Figure 3. West Nile virus causes a loss in hippocampal CA3 synaptic terminals in mice and humans.
a, Immunostaining and quantification of colocalized presynpatic and postsynaptic puncta using the markers synaptophysin and Homer1, respectively, at 7 dpi in wild-type mice (mock (n = 7) and WNV-NS5-E218A (n = 9) mice).
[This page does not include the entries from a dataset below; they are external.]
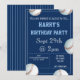 Baseboll tema festinbjudan, redigerbar så att du kan ändra hälsningen, namnet, datum/tid, plats och RSVP-information med randig baksida, tillgänglig i andra färger.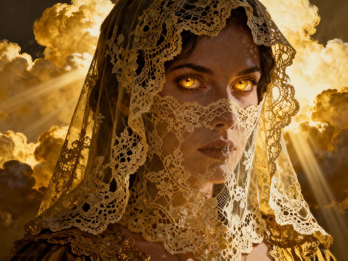 A stunning portrait of a woman with luminous golden eyes, veiled in antique lace. Golden clouds and light create a dramatic, ethereal atmosphere.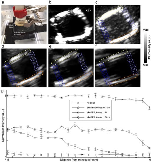 We then evaluated the ultrasound images of the square loop phantom when the transducer was held 1.5 and 3 cm away from the skull piece and the square loop phantom, respectively; when the optical fiber was placed 0.5 cm away from the skull piece (see Figure 3); and when the orientation of the phantom was at an angle of 20° (Figure 4c) to the viewing plane of the probe. We imaged the target in both gelatin (see Figure 6b) and gelatin with fiber mixture (see Figure 6c). The US images without the skull clearly present the morphology of the square loop. In Figure 6d–f, a skull piece with thicknesses of 0.7, 1.0, or 1.3 mm were used when the square loop target was in gelatin with the fiber mixture. The ROIs on the squared loop phantom image were chosen to evaluate the effect of the skull aberration. The attenuating and aberrating effects of the skull are shown in Figure 6g. A summary of the quantitative evaluation is provided in Table 1.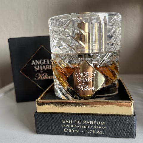 By Kilian Angels’ Share Eau de Parfum unisex. Parfymen har en nydelig duftprofil, og kan brukes av både kvinner og menn. Flasken er 50 ml, men ifølge ChatGPT er det ca 12-13 ml igjen, så denne er perfekt for å teste før en kjøper en full parfyme 😊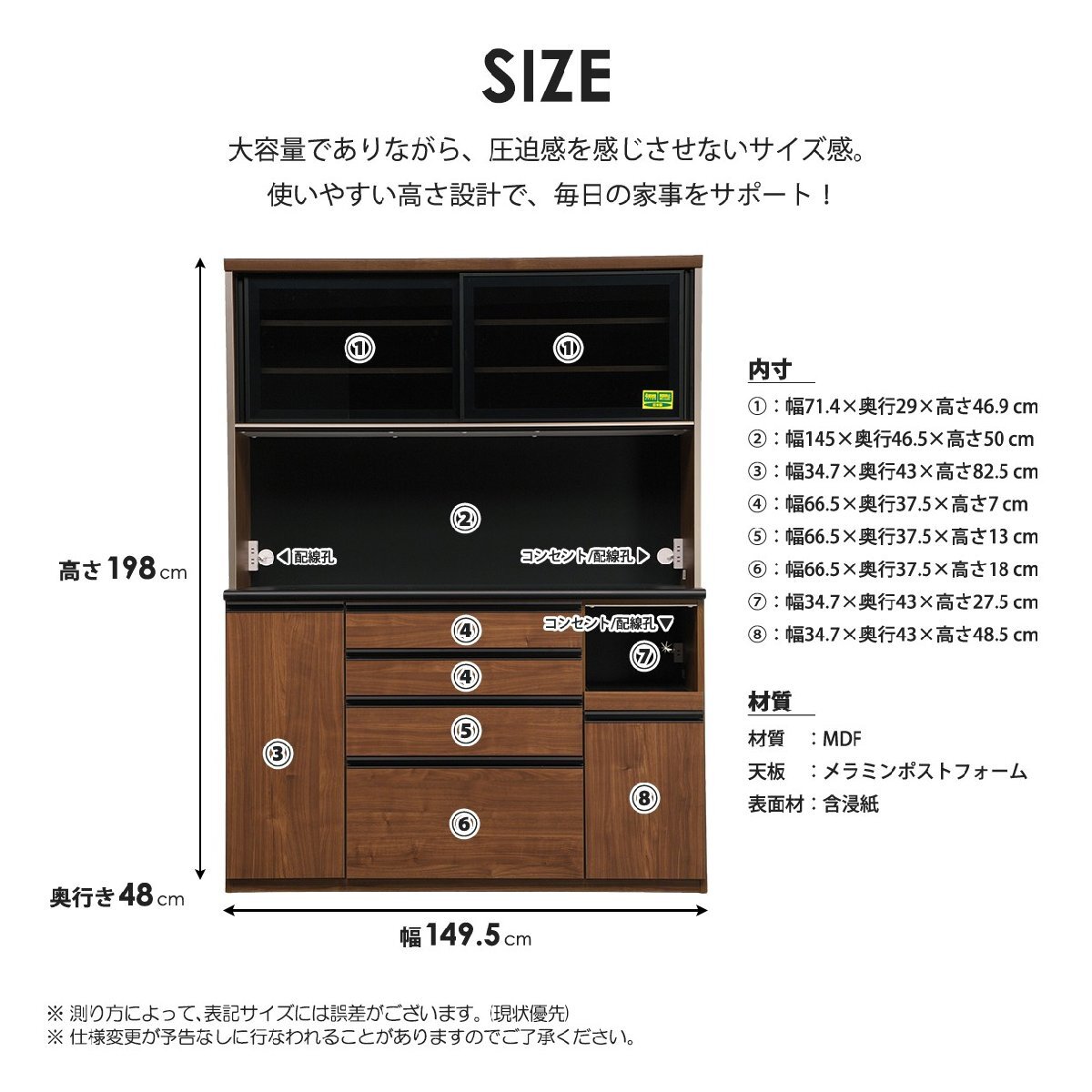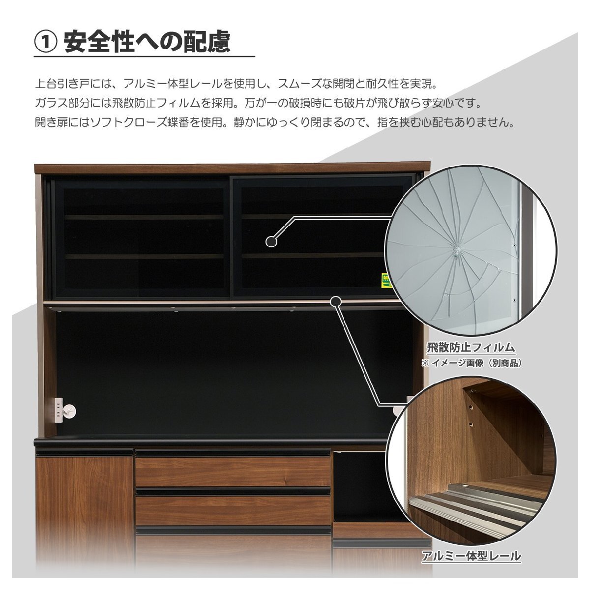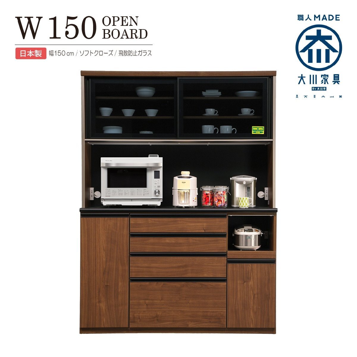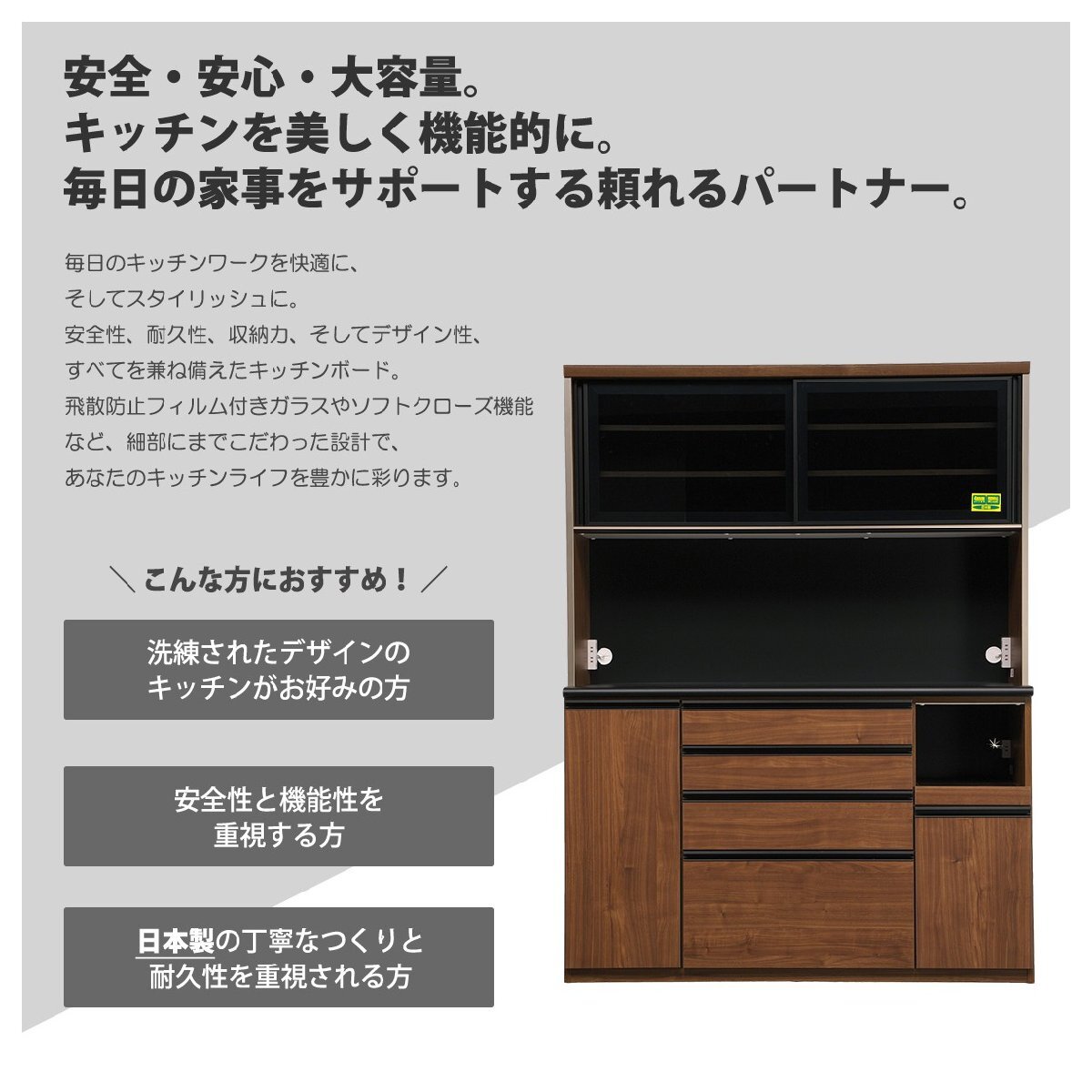 食器棚 大容量 収納 整理整頓 おしゃれ 幅150cm レンジ台 レンジボード 完成品 ソフトクローズ 飛散防止 安全

Data are the mean of 2 staining experiments. b, Immunostaining and quantification of staining area for glutamatergic presynaptic marker, VGlut1, at 25 dpi in mock or WNV-NS5-E218A-recovered mice with good or poor spatial memory performance (mock (n = 3), WNV good (n = 5), and WNV poor (n = 3) mice). c, Immunostaining and quantification of synaptophysin+ area in acute WNV encephalitis patients with age- and sex-matched controls. d, CX3CR1–GFP heterozygous mice were immunostained for synaptophysin and GFP with arrowheads depicting colocalization. Images shown are representative of 3 mice per group. e, Synaptic terminal elimination at 7 dpi is absent in WNV-NS5-E218A-infected Il34−/− mice, which have reduced numbers of microglia. f, Immunostaining showing the number of colocalized synaptophysin, LAMP-1 (lysosomal marker), and IBA1 puncta per IBA1+ cell at 7, 25 and 52 dpi. g, Electron micrographs from mock or WNV-NS5-E218A-infected hippocampus at 7 dpi with immune-DAB enhancement of IBA1. An IBA1+ cell is shown surrounding a nearby synapse (right panels, boxed area, red arrowhead). Images shown are representative of 3 mice per group. All panels, ***P <0.001,**P < 0.01, *P< 0.05, NS, not significant, by two-tailed t-test. Error bars, s.e.m. Immunostaining, electron microscopy, and quantification performed within the hippocampal CA3 region. Scale bars, 10 μm unless otherwise noted.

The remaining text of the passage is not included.